When a non-repeating self-describing number in base \(b\) is written as an \(n\)-tuple of pairs, if a digit \(d\) exists in the \(n\)-tuple of left-elements of pairs with multiplicity \(m\), then the left element of the pair with right element \(d\) must be \(m + 1\).

This means that we can exclude certain partitions. Returning to our example of the non-repeating self-describing numbers in base \(10\) with \(6\) digits, consider those numbers where the left elements of pairs are \(1,\ 1,\ 4\). Such a number must representable as a permutation of an n-tuple of the form \([(1,\ x),\ (1,\ y),\ (4,\ z)]\). Since the digit \(1\) occurs in the \(3\)-tuple of left elements with multiplicity \(2\), we know that the left element of the pair with right element \(1\) must be \(2\). Since \(2\) does not occur in the \(3\)-tuple of left elements, we can conclude that there is no non-repeating self-describing number in base \(10\) with \(6\) digits such that the left elements are a permutation of the \(3\)-tuple \(1,\ 1,\ 4\). Similarly, we can exclude the \(3\)-tuple \(2,\ 2,\ 2\), since the digit \(2\) occurs with multiplicity \(3\), but the digit \(4\) does not occur.

How about the \(3\)-tuple \(1,\ 2,\ 3\)? Consider the numbers represented as \(3\)-tuples of the form \([(1,\ x),\ (2,\ y),\ (3,\ z)]\). Since \(1\), \(2\), and \(3\) all have multiplicity \(1\) in the left, we would require that the digit \(2\) occurs with multiplicity \(3\) in the left. Therefore, we can exclude the \(3\)-tuple \(1,\ 2,\ 3\), and conclude that there are no non-repeating self-describing numbers in base \(10\) with \(6\) digits.

We can express the above observation more generally; When a non-repeating self-describing number in base \(b\) is written as an \(n\)-tuple of pairs, if there are \(d\) digits in the \(n\)-tuple of left-elements of pairs with multiplicity \(m\), then the digit \(m + 1\) must occur with multiplicity \(d\).

Consider now the non-repeating self-describing numbers in base \(10\) with \(8\) digits. The partitions of \(8\) with \(4\) parts are:

\(1,\ 1,\ 1, 5\)
\(1,\ 1,\ 2, 4\)
\(1,\ 1,\ 3, 3\)
\(1,\ 2,\ 2, 3\)
\(2,\ 2,\ 2, 2\)

We can exclude partition 1 since the digit \(1\) occurs with multiplicity \(3\), but \(4\) does not occur. We can exclude partition 2 since the digit \(1\) occurs with multiplicity \(2\), but \(3\) does not occur. We can exclude partition 5 since the digit \(2\) occurs with multiplicity \(4\), but \(5\) does not occur.

Considering partition 3, note that this partition corresponds to numbers that are permutations of the form \([(3,\ 1),\ (3,\ 3),\ (1,\ x),\ (1, y)]\), where \(x\) and \(y\) are neither \(1\) or \(3\). Indeed any permutation of this form is non-repeating self-describing in base \(10\); Examples are \(31331219\) and \(17153133\).

Considering partition 4, note that this partition corresponds to numbers that are permutations of the form \([(2,\ 1),\ (3,\ 2),\ (2,\ 3),\ (1, x)]\), where \(x\) is neither \(1\), \(2\), or \(3\).

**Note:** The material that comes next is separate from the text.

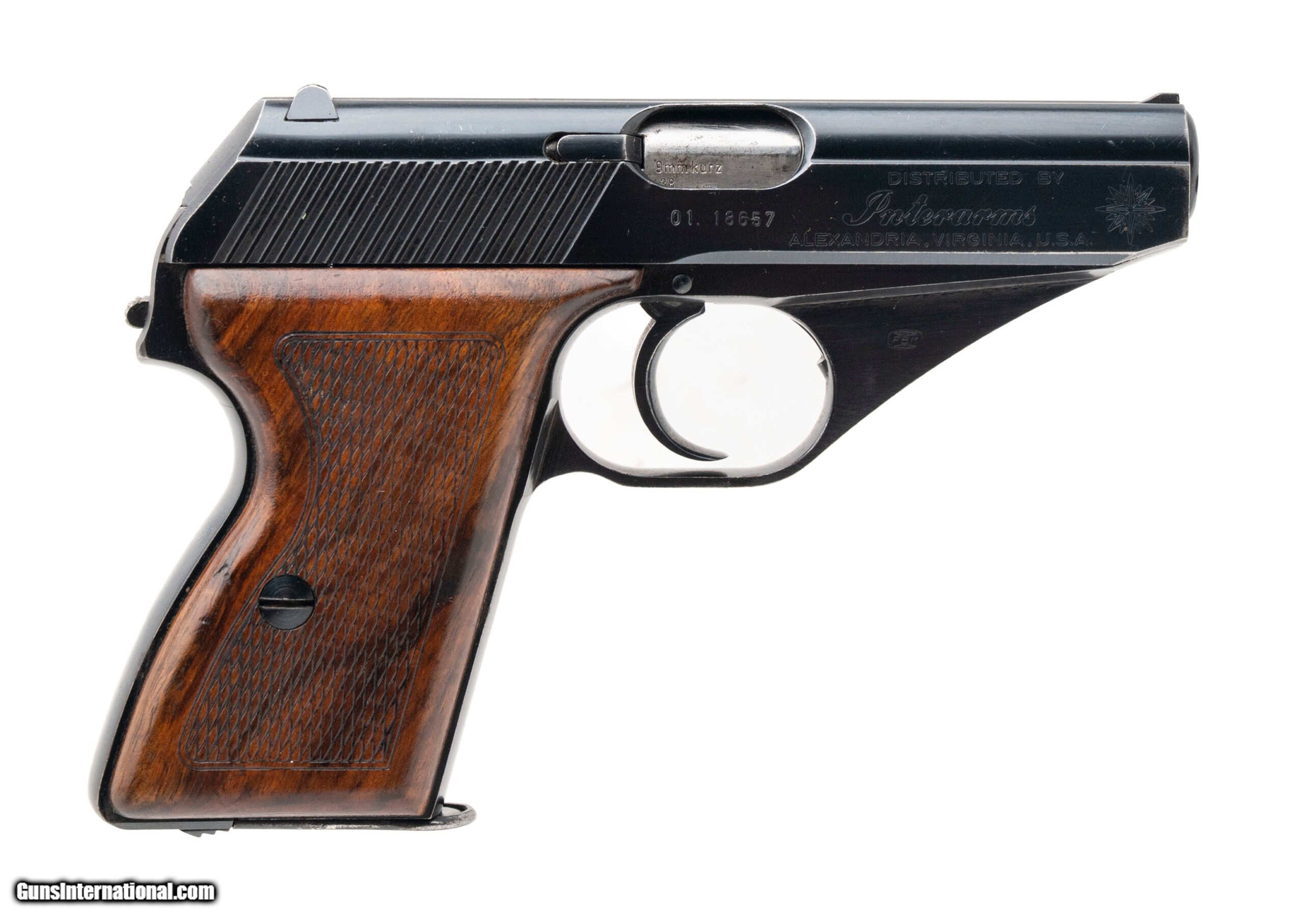 Description: "SN: 0118657. Made circa 1960s, .380 Auto with a 3.3"" barrel. Bore is bright with strong rifling. German made steel frame double action only pistol. Blued finish is in good condition. Checkered wood grips are in very good condition. Overall condition is good. (Consignment) SOLD |

Any permutation of this form is non-repeating self-describing in base \(10\); Examples are \(23211632\) and \(32142321\).

This strategy of computing non-repeating self-describing numbers in base \(b\) with \(2n\) digits by considering the partitions of \(2n\) with \(n\) parts and each part less than \(b\) and then eliminating impossible partitions is remarkable effective. It is possible to express all of the non-repeating self-describing numbers in base \(10\) as permutations of particular forms, given only a pen and paper, and a few minutes.

In my next blog post, I’ll write a program that computes all non-repeating self-describing numbers in base \(b\), based on the algorithm expressed above.